Best Practice IoT Security im industriellen Umfeld
Einerseits eröffnen vernetzte Maschinen und Geräte neue Angriffsflächen für das OT-Netzwerk der Produktion in industriellen Unternehmen. Andererseits ist der sichere Betrieb und das Monitoring weltweit verteilter, vernetzter Maschinen im Internet of Things (IoT) eine Chance der Digitalisierung, um Wartung und Service zu verbessern und neue Geschäftsmodelle zu ermöglichen. Doch wie schaffen es Industrieunternehmen, Kommunikation und Zugriffe über (welt-)weite Distanzen sicher zu gestalten?
Die ZD.B Themenplattform Cybersecurity der Bayern Innovativ GmbH hat zusammen mit Anwendenden und Experten eine sechsteilige Online-Event-Reihe aufgesetzt, um in der Praxis erprobte Best Practice Lösungen und Know-how zur IT-Sicherheit in industriellen IoT-Umgebungen zu teilen. Von Mai bis Juli wurde und werden in sechs kompakten Morgen-Events konkrete Best Practice Beispiele zu sicheren Remote Services, Anomalieerkennung, Absicherung von IoT-Geräten, der Rolle von Governance und Architektur bei der Produktentwicklung und einer effizienten sowie erfolgreichen Mitarbeiterqualifikation bearbeitet.
Teil 1: Paneldiskussion: IIoT Security – Herausforderungen und Antworten
"Herausfordernd ist die lange Lebensdauer industrieller Anlagen von 20 Jahren und mehr, die nicht einfach updatefähig sind und damit Angreifenden leichte Einfallstore bieten" - so Dr. Thomas Nowey (Chief Information Security Officer, Syskron GmbH / Krones AG) und Panelist am 04. Mai 2021 bei unserer Paneldiskussion "IIoT Security – Herausforderungen und Antworten".
"Die Gesamtsicherheit von industriellen IT-Komponenten steht auf einem elektronischen Fundament und resiliente, vertrauenswürdige Elektronik für zukünftige Hardware ist von hoher Bedeutung" - so Dr. Johann Heyszl (Abteilungsleiter / Stellv. Institutsleiter des Fraunhofer AISEC) und ebenfalls Panelist am 04. Mai 2021 bei unserer Paneldiskussion "IIoT Security – Herausforderungen und Antworten".

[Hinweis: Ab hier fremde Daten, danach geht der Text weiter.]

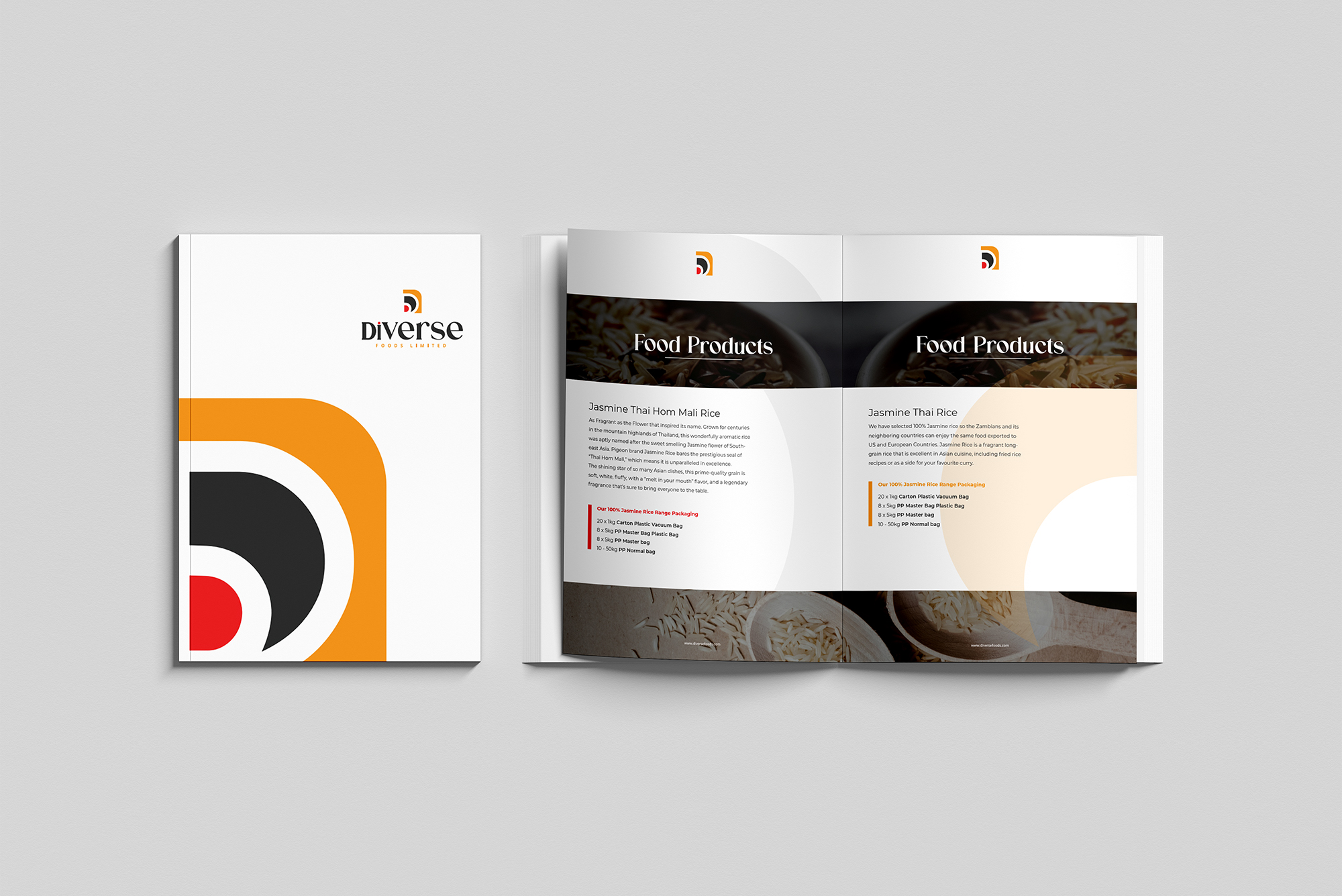 Colour and stripes came to mind as we conceptualize the ‘Diverse Foods’ now transitioned to ‘Diverse Mix’ brand. Using the ‘D’ in Diverse, we developed the icon which incorporated stripes and different colours. The font we selected felt playful, flavourful and slightly cultural which greatly symbolized the Diverse brand. The icon we crafted is what we used as a design element for the brand.
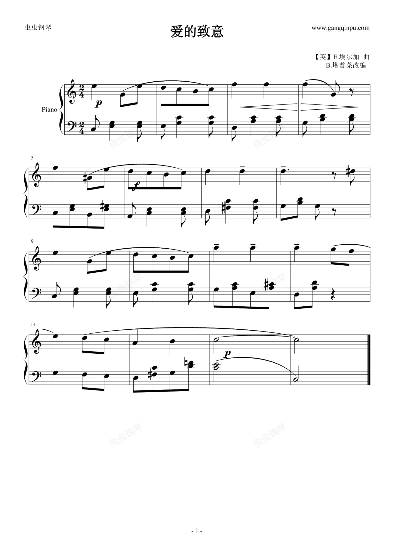 钢琴谱:爱的致意
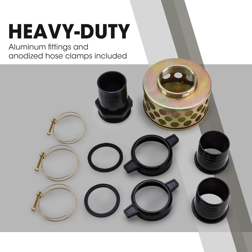 - Quality Fittings - unlike other brands that use plastic hose fittings, this Warton pump employs super strong aluminium fittings and corrosion resistant anodised hose clamps and strainer.
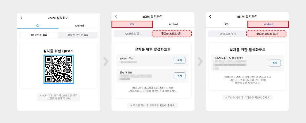 3. 열람한 QR코드 및 활성화코드를 캡쳐 혹은 복사하여 실제 사용하실 분께 전달해주시면 사용 가능해요. (IOS / Android 기종별로 선택하여 알맞은 코드 정보 확인이 가능해요.)
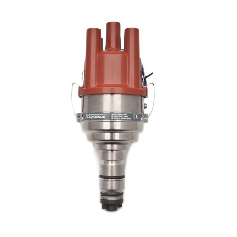 This 123 Ignition Distributor replaces Lucas distributors for engines in Austin Healey Sprites and MG Midgets. It offers 16 different advance-curves that can be selected via a little switch which enables you to fine tune your engine. It also offers automatic dwell, spark balancing, automatic power cut off one second after engine stops. This distributor is for positive earth only vehicles.
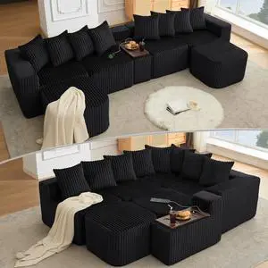 [NEW ARRIVED] [VIDEO PROVIDED] 137.5" U Shaped Sofa , USB & Wireless Charge, Coffee Table Board With a Cup Holder, Oversize Movable Modular Sofa,Movable Footstool,No Assembly,6 Seats,Corduroy,Black- Finish: Black
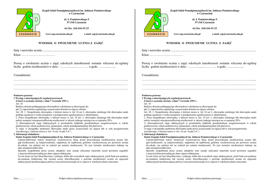 CZARNOCIN Zespół Szkół Ponadgimnazjalnych im. Juliusza Poniatowskiego w Czarnocinie Zespół Szkół Ponadgimnazjalnych im. Juliusza Poniatowskiego w Czarnocinie ul. J. Poniatowskiego 5 97-318 Czarnocin ul. J. Poniatowskiego 5 97-318 Czarnocin tel./fax (44) 616-51-23 tel./fax (44) 616-51-23 www.zsp.czarnocin.edu.pl e-mail: [email protected] CZARNOCIN www.zsp.czarnocin.edu.pl e-mail: [email protected] WNIOSEK O ZWOLNIENIE UCZNIA Z ZAJĘĆ WNIOSEK O ZWOLNIENIE UCZNIA Z ZAJĘĆ Imię i nazwisko ucznia ................................................................................................................ Klasa …………………………… Imię i nazwisko ucznia ................................................................................................................ Klasa …………………………… Proszę o zwolnienie ucznia z zajęć szkolnych (nieobecność zostanie wliczona do ogólnej liczby godzin nieobecności) w dniu : ………..........………... o godz. ….................. Proszę o zwolnienie ucznia z zajęć szkolnych (nieobecność zostanie wliczona do ogólnej liczby godzin nieobecności) w dniu : ………..........………... o godz. ….................. Uzasadnienie: …………………………….…………………………………………...……………………...... …………………………………………………………………………………..……………… …………………………………………………………………………………………….……. Uzasadnienie: …………………………….…………………………………………...……………………...... …………………………………………………………………………………..……………… …………………………………………………………………………………………….……. Podstawa prawna: 1 Wyciąg z obowiązujących regulacji prawnych Ustawa o systemie oświaty z dnia 7 września 1991 r. Art. 18 Rodzice dziecka podlegającego obowiązkowi szkolnemu są obowiązani do: pkt 2.) zapewnienia regularnego uczęszczania dziecka na zajęcia szkolne. Art. 20. 1. Niespełnienie obowiązku, o którym mowa w Art 14 ust 3, obowiązku szkolnego lub obowiązku nauki podlega egzekucji w trybie przepisów o postępowaniu egzekucyjnym w administracji. 2. Przez niespełnienie obowiązku, o którym mowa w Art. 14 ust. 3, obowiązku szkolnego lub obowiązku nauki należy rozumieć nieusprawiedliwioną nieobecność w okresie jednego miesiąca na co najmniej 50%: 1) obowiązkowych zajęć edukacyjnych w przedszkolu (oddziale przedszkolnym zorganizowanym w szkole podstawowej), szkole podstawowej, gimnazjum, szkole ponadgimnazjalnej lub placówce; 2) zajęć w przypadku spełniania obowiązku nauki przez uczęszczanie na zajęcia lub w celu przygotowania zawodowego, o którym mowa w Art. 16 ust. 5a pkt 2-4.”; 2. Informacje dodatkowe Statut Zespołu Szkół Ponadgimnazjalnych im. Juliusza Poniatowskiego w Czarnocinie Usprawiedliwienie należy dostarczyć wychowawczy klasy przed przewidzianą nieobecnością ucznia lub, gdy nieobecności są nieprzewidziane, najpóźniej na najbliższej godzinie wychowawczej po powrocie ucznia do szkoły, nie później niż na tydzień po ustaniu nieobecności. Po tym terminie nieobecności traktuje się jako nieusprawiedliwione. Sposoby uzupełniania przez ucznia zaległości oraz zasady zaliczania materiału uczeń powinien uzgodnić z nauczycielem prowadzącym dane zajęcia edukacyjne. Uczeń może nie być klasyfikowany z jednego, kilku lub wszystkich zajęć edukacyjnych, jeżeli brak jest podstaw do ustalenia śródrocznej lub rocznej oceny klasyfikacyjnej z powodu nieobecności ucznia na zajęciach edukacyjnych przekraczającej połowę czasu przeznaczonego na te zajęcia w szkolnym planie nauczania. Podstawa prawna: 1 Wyciąg z obowiązujących regulacji prawnych Ustawa o systemie oświaty z dnia 7 września 1991 r. Art. 18 Rodzice dziecka podlegającego obowiązkowi szkolnemu są obowiązani do: pkt 2.) zapewnienia regularnego uczęszczania dziecka na zajęcia szkolne. Art. 20. 1. Niespełnienie obowiązku, o którym mowa w Art 14 ust 3, obowiązku szkolnego lub obowiązku nauki podlega egzekucji w trybie przepisów o postępowaniu egzekucyjnym w administracji. 2. Przez niespełnienie obowiązku, o którym mowa w Art. 14 ust. 3, obowiązku szkolnego lub obowiązku nauki należy rozumieć nieusprawiedliwioną nieobecność w okresie jednego miesiąca na co najmniej 50%: 1) obowiązkowych zajęć edukacyjnych w przedszkolu (oddziale przedszkolnym zorganizowanym w szkole podstawowej), szkole podstawowej, gimnazjum, szkole ponadgimnazjalnej lub placówce; 2) zajęć w przypadku spełniania obowiązku nauki przez uczęszczanie na zajęcia lub w celu przygotowania zawodowego, o którym mowa w Art. 16 ust. 5a pkt 2-4.”; 2. Informacje dodatkowe Statut Zespołu Szkół Ponadgimnazjalnych im. Juliusza Poniatowskiego w Czarnocinie Usprawiedliwienie należy dostarczyć wychowawczy klasy przed przewidzianą nieobecnością ucznia lub, gdy nieobecności są nieprzewidziane, najpóźniej na najbliższej godzinie wychowawczej po powrocie ucznia do szkoły, nie później niż na tydzień po ustaniu nieobecności. Po tym terminie nieobecności traktuje się jako nieusprawiedliwione. Sposoby uzupełniania przez ucznia zaległości oraz zasady zaliczania materiału uczeń powinien uzgodnić z nauczycielem prowadzącym dane zajęcia edukacyjne. Uczeń może nie być klasyfikowany z jednego, kilku lub wszystkich zajęć edukacyjnych, jeżeli brak jest podstaw do ustalenia śródrocznej lub rocznej oceny klasyfikacyjnej z powodu nieobecności ucznia na zajęciach edukacyjnych przekraczającej połowę czasu przeznaczonego na te zajęcia w szkolnym planie nauczania. Data: ……………… Data: ……………… Podpis rodzica/opiekuna prawnego: ……
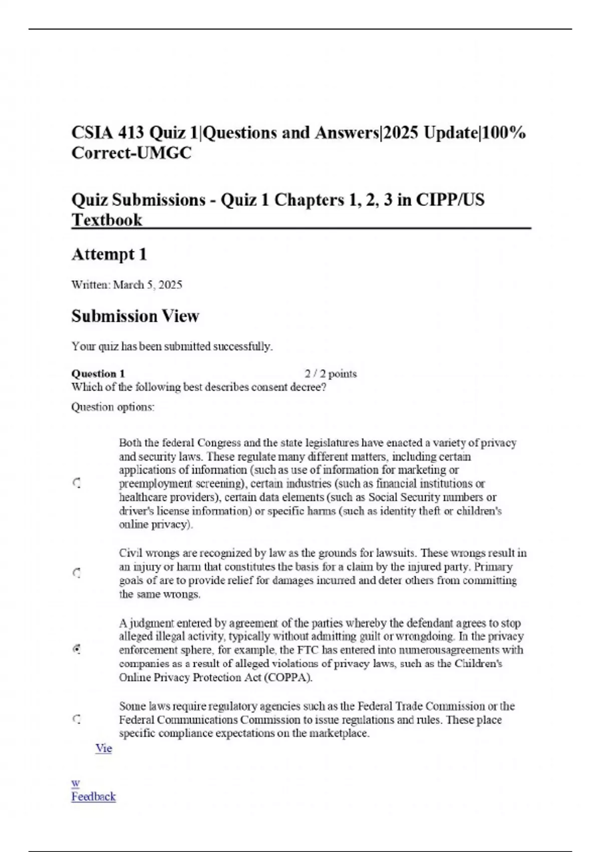 CSIA 413 Quiz 1|Questions and Answers|2025 Update|100% Correct-UMGC

Der Schutz von Produktionsanlagen beginnt mit der Sicherheit der IT.
Solide Security ist die Voraussetzung für stabilen Betrieb und beugt unliebsamen Überraschungen vor.
Die Update-Fähigkeit wird bei Consumergeräten durch deren Verfügbarkeit am Internet begrenzt, d. h. Connectivity ist nicht immer vorauszusetzen. Bei Neuinvestitionen ist Zukunftsfähigkeit zum Beispiel bei Kryptographie-Verfahren zu verlangen, damit diese nicht in wenigen Jahren leicht zu entschlüsseln sind. Unternehmen wird eine intensive Beschäftigung mit dem Thema IT-Security empfohlen, bevor Dienstleister beauftragt werden.
In der Entwicklung neuer Maschinen und Fertigungslinien ist IT-Security bereits ab dem Minimum Viable Product mitzudenken. Security by Design ist essenziell denn bei Maschinen birgt jede Security Verletzung auch die Gefahr von Personenschäden.
Solides Grundverständnis und aktualisiertes Security Know-how
Ohne ein solides Grundverständnis und ein immer wieder aktualisiertes Security Know-how geht es auch bei Entwicklungsingenieuren nicht, betonten die Speaker übereinstimmend. Web-based-Training kann hier viel abdecken. Außerdem ist es zentral wichtig, verfügbare Standardkomponenten und Methoden etwa aus dem Open Source Bereich zu verwenden, um den Mehraufwand zu senken und die Qualität zu erhöhen. Security und Usability müssen noch viel mehr zusammengebracht werden. Die Paneldiskussion brachte Ergebnisse hervor wie die Wichtigkeit des Austauschs in Netzwerken, den Nutzen eines Leitfadens für IIoT-Security, die Unverzichtbarkeit von Schulungsanstrengungen und die Einrichtung eines Lernlabors Cybersicherheit.
Teil 2: Remote Service und Fernwartung – aber sicher!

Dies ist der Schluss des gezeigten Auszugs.